-------- DATA RECORDS

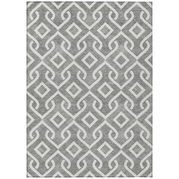 Gray, Ivory 3 ft. x 5 ft. Woven Geometric Polyester Rectangle Indoor/Outdoor Area Rug
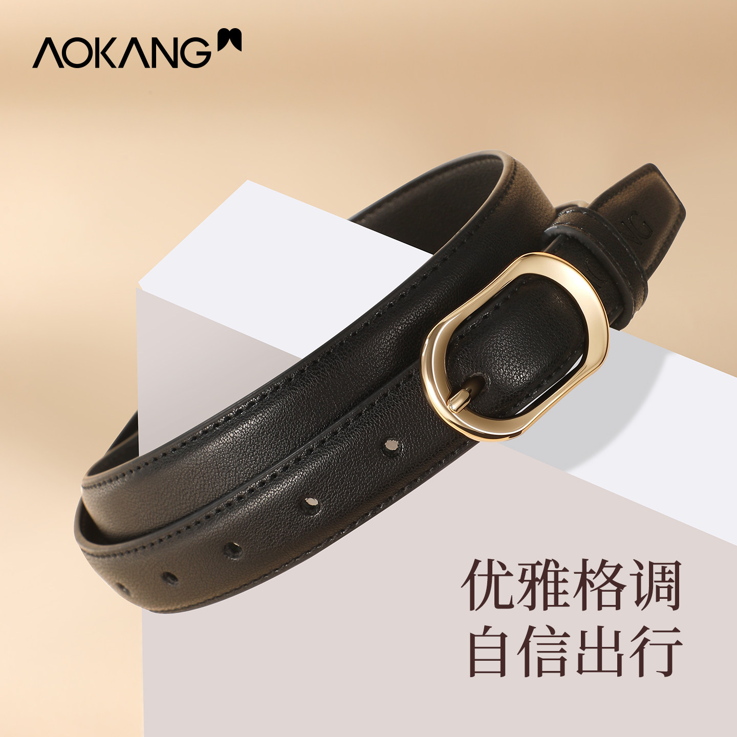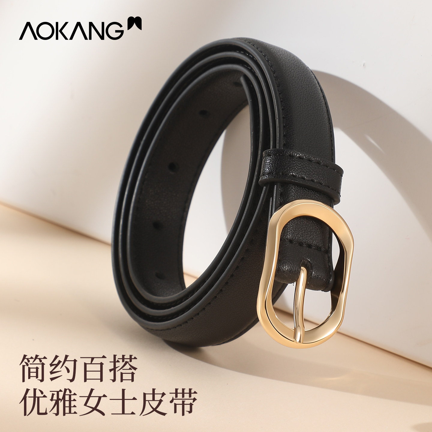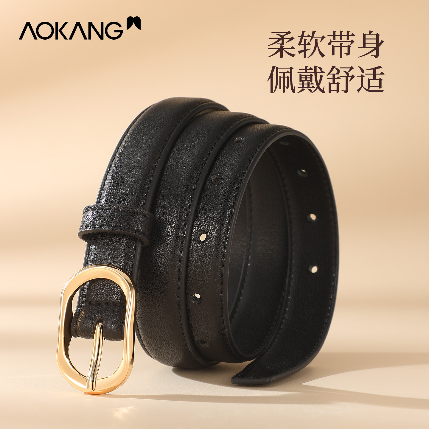 奥康皮带女款真皮牛皮腰带女士高级小众配牛仔裤皮带黑色配饰新款
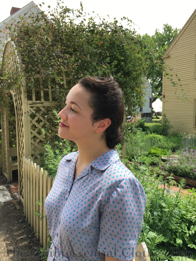 I really wanted to try victory rolls as a hairstyle to accompany my 1943 mauve dress. This was in part because they’re so iconic (though not universal, which perhaps means that we shouldn’t all represent them, but still, I couldn’t resist) but also because my hair texture proves to be such a challenge that I had to take it on and see if I could subdue it to my will.
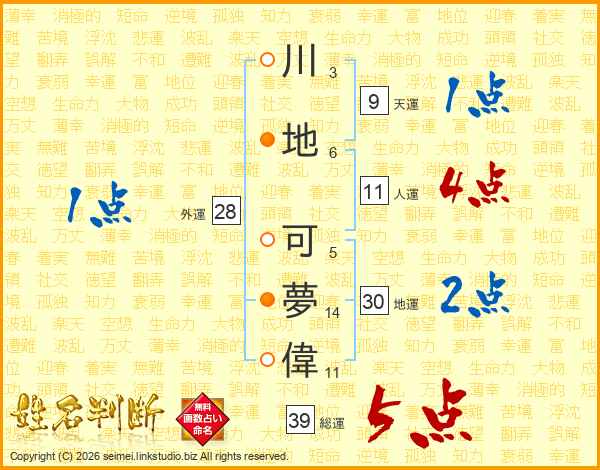 川地可夢偉さんの総運は39画の5点!
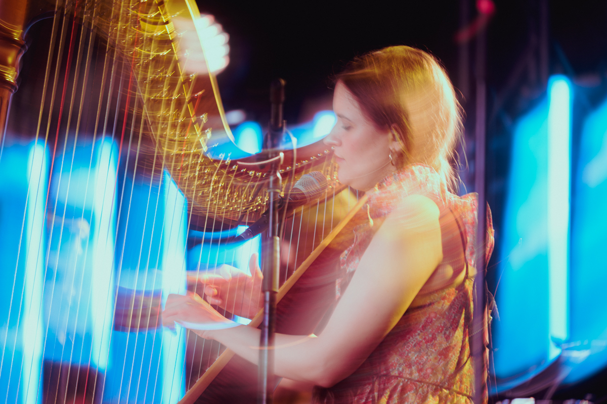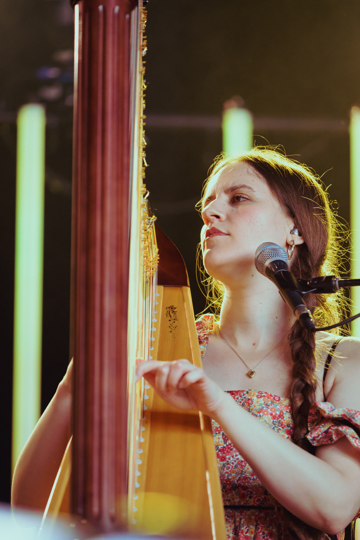 Celle-ci est arrivée avec son impressionnante équipe composée d’un bassiste/clarinettiste, d’un percussionniste, d’une harpiste, de trois choristes, de deux violonistes et d’une violoncelliste. Tout ce beau monde-là a pris place et, dès les premières notes, nous a convié dans l’univers étoffé de la jeune artiste. Cette dernière brillait à l’avant-scène, vêtue d’une incroyable robe bouffante sur laquelle pendaient quelques jolies « décorations », faute d’un meilleur mot.

----------------

Give back exactly the lines above from the one with "I really wanted" through the one with "川地可夢偉さんの総運は39画の5点!", both included. Pictures don't belong in the copy.

 I really wanted to try victory rolls as a hairstyle to accompany my 1943 mauve dress. This was in part because they’re so iconic (though not universal, which perhaps means that we shouldn’t all represent them, but still, I couldn’t resist) but also because my hair texture proves to be such a challenge that I had to take it on and see if I could subdue it to my will.
 川地可夢偉さんの総運は39画の5点!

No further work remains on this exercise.